In [1]:
#The goal of this program is to continue my exploration into Natural Language Processing and try out additional pre-processing
#techniques. In my previous NLP project, a logistic regression model was built that classified reviews of prescription drugs.
#The reviews were placed into a TF-IDF vectorizer, and classified from there. In this project, I am building a neural net that
#takes portions of text from BBC articles and places them into one of three different classes based on the content. In contrast
#to my previous project, I will also be employing lemmatization and Principle Component Analysis within this code.

#Note: The original dataset can be found here: https://www.kaggle.com/datasets/shivamkushwaha/bbc-full-text-document-classification



In [2]:
#Importing all the modules used for this project

import pandas as pd
import tensorflow as tf
import keras
import numpy as np
from sklearn.feature_extraction.text import TfidfVectorizer
import math
from sklearn.model_selection import train_test_split
from sklearn.neural_network import MLPClassifier
from sklearn.metrics import accuracy_score
import re

In [3]:
#Loading the articles labeled as business, entertainment, or politics. 

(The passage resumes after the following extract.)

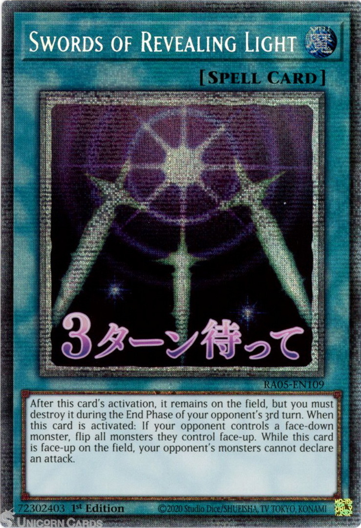 - RA05-EN109 Swords of Revealing Light (Stamp Artwork) : Starlight Rare 1st Edition Mint YuGiOh Card
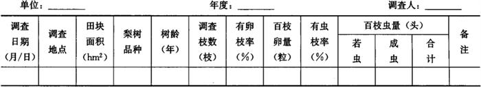 | 释义 | 梨木虱测报调查方法 梨木虱(Psylla chinensis Yang et Li)又叫中国梨木虱,属同翅目,木虱科。在我国除新疆外,各梨产区均有分布。尤以东北、华北、西北等北方梨区发生普遍。主要为害各种梨树。春季成、幼虫多集中于新梢、叶柄为害,夏、秋季则多在叶面吸食为害。受害叶片叶脉扭曲,皱缩,产生枯斑,并逐渐变黑,提早脱落。 1 调查方法与内容 1.1 越冬基数调查 于梨木虱越冬前,一般在9月中旬,选有代表性的幼果园、盛果期果园和老果园各两块,每块园面积在667m2以上,每块园在靠近边缘和中间部位各选1株梨树,每株梨树在距地面0.1~0.2m的主干上用10cm宽的透明胶带绕扎一周,一般绕2~3层,人为制造一个越冬场所。于12月下旬,调查藏在胶带下的梨木虱数量,作为越冬基数。记入表7-45。 表7-45 梨木虱越冬虫量调查表

#Note: All the files used in this program originally consisted of hundreds of individual .txt files that loaded poorly into 
#dataframes and were difficult to pre-process. As such, I manually split the files into training and testing folders, and 
#merged each .txt file into a single massive document using a free tool online to save time.
#This tool can be found at the following link: https://it365.gitlab.io/txt-merge/

business = pd.read_fwf(r"C:\Users\hecto\OneDrive\Documents\Jupyter Notebook\BBC Text Data\training\merged_business.txt")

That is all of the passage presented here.